Il prossimo 5 novembre i medici di medicina generale aderenti allo Snami incroceranno le braccia. A confermare la mobilitazione è Angelo Testa, presidente del sindacato, che ha indirizzato una lettera formale a Governo e Regione per esporre le motivazioni della protesta. Nel mirino c’è il cosiddetto “ruolo unico”, che secondo lo Snami metterebbe a rischio l’intera struttura della medicina del territorio. “Stiamo assistendo allo svuotamento del ruolo del medico di famiglia – scrive Testa – trasformato in un ingranaggio burocratico all’interno del sistema sanitario, privo però delle tutele di un lavoratore dipendente. In questo modo si cancella l’autonomia professionale e si indebolisce il legame di fiducia costruito nel tempo tra medico e paziente. La medicina generale non può essere assimilata a una funzione aziendale, perché si fonda sulla prossimità, la libertà e la responsabilità individuale nei confronti della comunità”.
Il sindacato denuncia anche la mancanza di una strategia formativa chiara per la categoria.
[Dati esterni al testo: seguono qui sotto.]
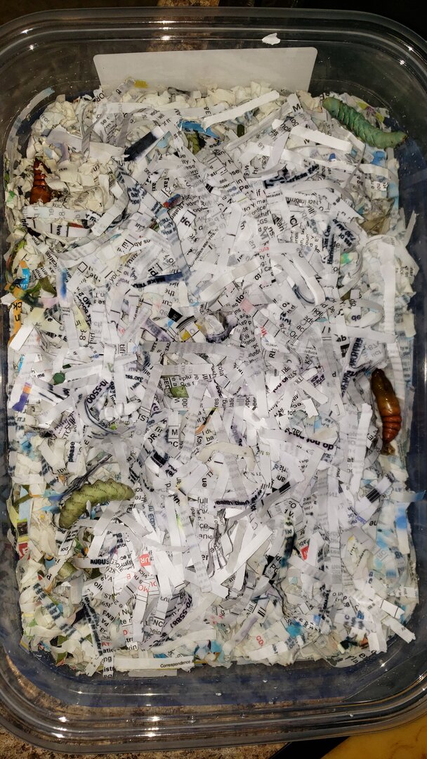 This is my first time allowing hornworms to turn to moths. I'm wondering if these look ok. All I could think to use is our shredded Bill's as substrate. ? I guess they might be good for something after all. Hahaha. Although I'm not sure if it's ok to use sheddes paper or not. ?

Infine, il sindacato punta il dito contro l’eccessiva burocrazia e i problemi legati alla digitalizzazione del sistema sanitario. “La tecnologia deve servire la cura, non ostacolarla – afferma Testa – ma oggi ci troviamo impantanati in sistemi informatici inefficienti, documenti cartacei e pratiche superflue che rubano tempo prezioso alla visita, all’ascolto e alla prevenzione. È necessaria una digitalizzazione funzionale, integrata e realmente utile, non un labirinto burocratico che mina la dignità della nostra professione e la fiducia dei cittadini”. Il presidente dello Snami conclude annunciando che, in assenza di interventi concreti, sono già in programma nuove giornate di sciopero.